Repeated Inverse Reinforcement Learning
- Kareem Amin ,
- Nan Jiang ,
- Satinder Singh
Advances in Neural Information Processing Systems 30 (NIPS 2017) |
How detailed should we make the goals we prescribe to AI agents acting on our behalf in complex environments? Detailed & low-level specification of goals can be tedious and expensive to create, and abstract & high-level goals could lead to negative surprises as the agent may find behaviors that we would not want it to do, i.e., lead to unsafe AI. One approach to addressing this dilemma is for the agent to infer human goals by observing human behavior. This is the Inverse Reinforcement Learning (IRL) problem.

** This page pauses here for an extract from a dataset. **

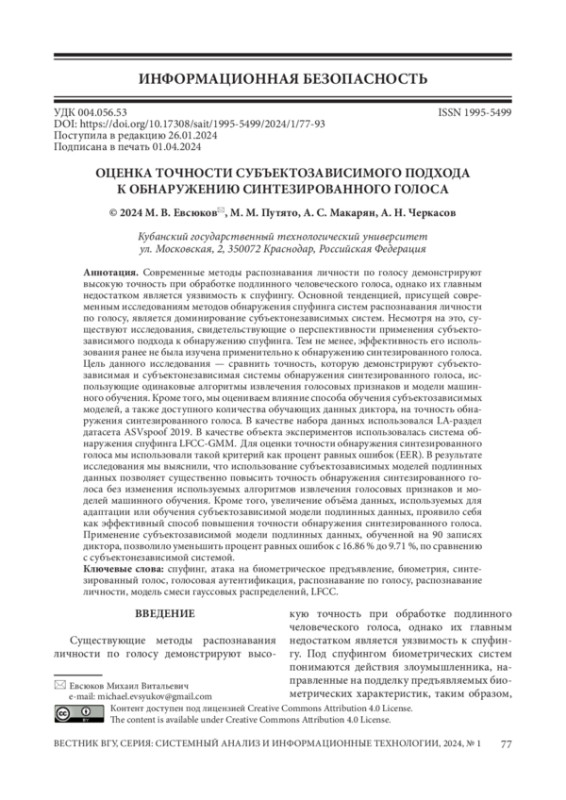 ЧЕРКАСОВ А. Н., ПУТЯТО М. М., ЕВСЮКОВ М. В., МАКАРЯН А. С. ОЦЕНКА ТОЧНОСТИ СУБЪЕКТОЗАВИСИМОГО ПОДХОДА К ОБНАРУЖЕНИЮ СИНТЕЗИРОВАННОГО ГОЛОСА // ВЕСТНИК ВОРОНЕЖСКОГО ГОСУДАРСТВЕННОГО УНИВЕРСИТЕТА. СЕРИЯ: СИСТЕМНЫЙ АНАЛИЗ И ИНФОРМАЦИОННЫЕ ТЕХНОЛОГИИ. 2024. № 1

However, IRL is generally ill-posed for there are typically many reward functions for which the observed behavior is optimal. While the use of heuristics to select from among the set of feasible reward functions has led to successful applications of IRL to learning from demonstration, such heuristics do not address AI safety. In this paper we introduce a novel repeated IRL problem that captures an aspect of AI safety as follows. The agent has to act on behalf of a human in a sequence of tasks and wishes to minimize the number of tasks that it surprises the human. Each time the human is surprised the agent is provided a demonstration of the desired behavior by the human. We formalize this problem, including how the sequence of tasks is chosen, in a few different ways and provide some foundational results.